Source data
----------------

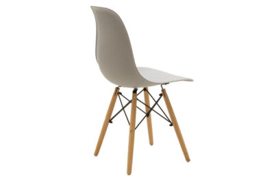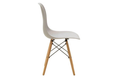 Μία μοντέρνα καρέκλα κατασκευασμένη από ξύλινο σκελετό και κάθισμα πολυπροπυλενίου σε γκρι απόχρωση.
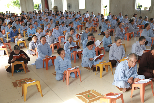 The end of cultivation, the organizers gave all Buddhists the book “Reexamining†written by Senior Ven. Thich Chan Tinh.
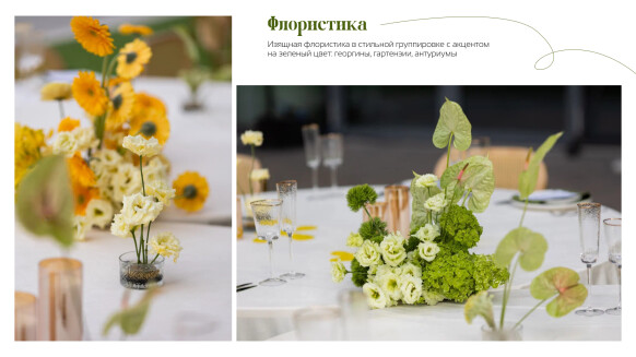 Авторская флористика и утончённые детали создают уникальный образ, гармонично вписываясь в концепцию
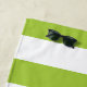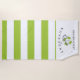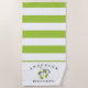 Add personalized beach towels to your beach house. They are customized with a lime green and white stripe pattern. On the bottom there's a life preserver with a decorative swirl going through it. Add your name to "beach House". Please visit our store for other designs and colours.
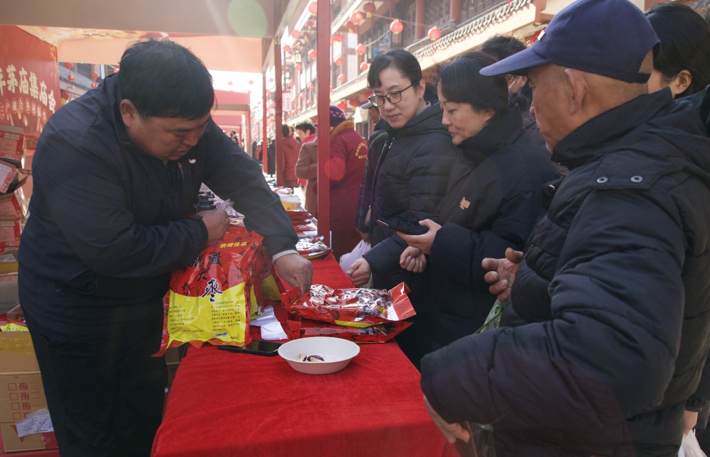 “这次我们特意带了100万元的货品过来,光庙会现场就摆了6个摊位。”新疆双河农优商贸有限公司执行董事李明权说,这是他们第二次参加茅庙集庙会。去年他们通过现场零售和批量签单,销售额高达30多万元。
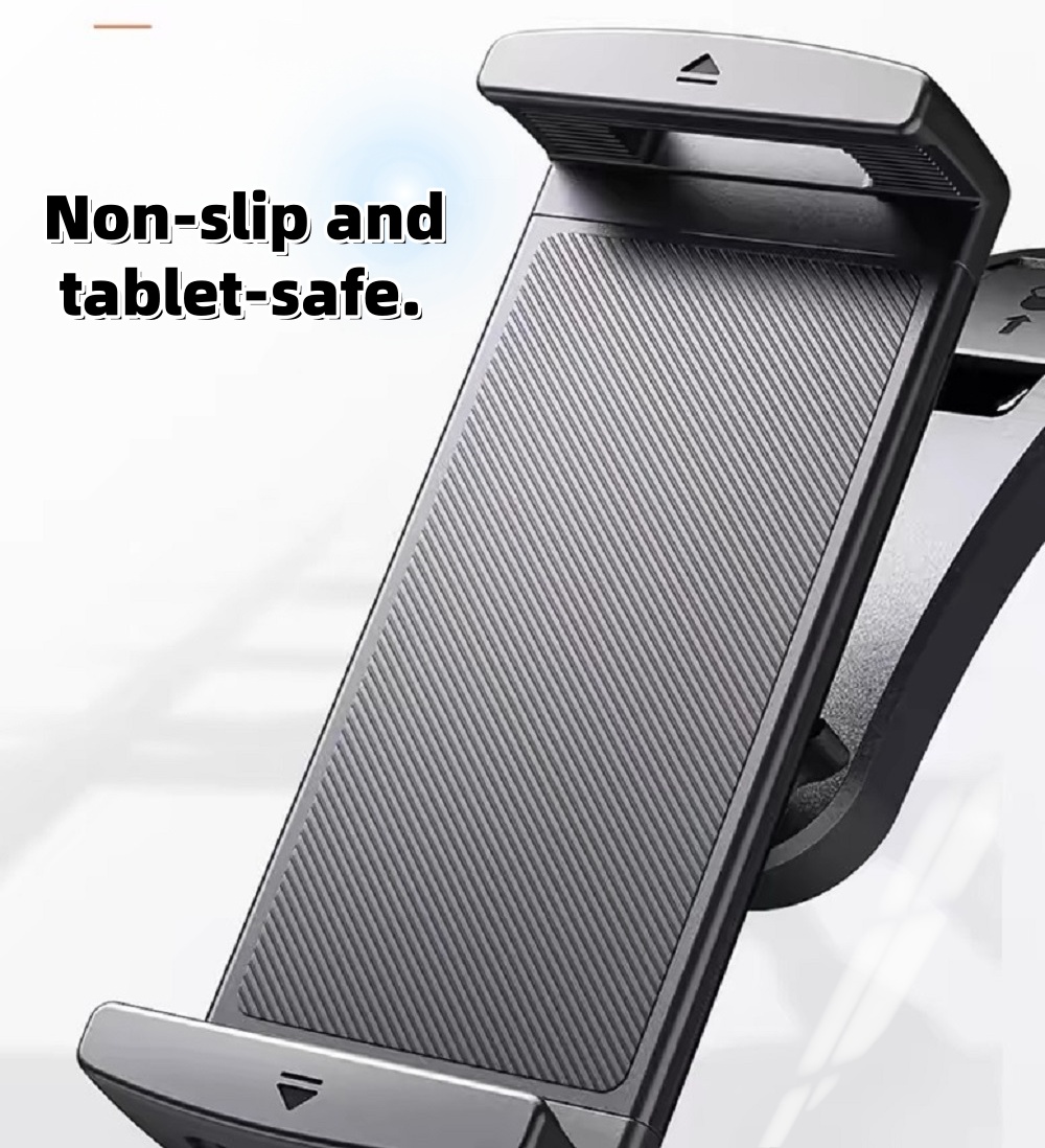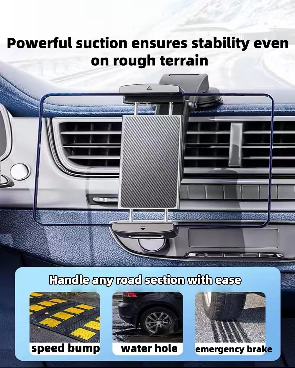 tablet mount cell phone holder car uses a powerful 3-layer viscous gel and a 1-step locking mechanism to provide strong suction on a smooth surface without leaving any residue.

----------------

→ **Assignment**
Leave out the pictures, and extract exactly the lines from the one with "Авторская флористика и" through the end of the records, both ends included.

→ **Response box**
 Авторская флористика и утончённые детали создают уникальный образ, гармонично вписываясь в концепцию
 Add personalized beach towels to your beach house. They are customized with a lime green and white stripe pattern. On the bottom there's a life preserver with a decorative swirl going through it. Add your name to "beach House". Please visit our store for other designs and colours.
 “这次我们特意带了100万元的货品过来,光庙会现场就摆了6个摊位。”新疆双河农优商贸有限公司执行董事李明权说,这是他们第二次参加茅庙集庙会。去年他们通过现场零售和批量签单,销售额高达30多万元。
 tablet mount cell phone holder car uses a powerful 3-layer viscous gel and a 1-step locking mechanism to provide strong suction on a smooth surface without leaving any residue.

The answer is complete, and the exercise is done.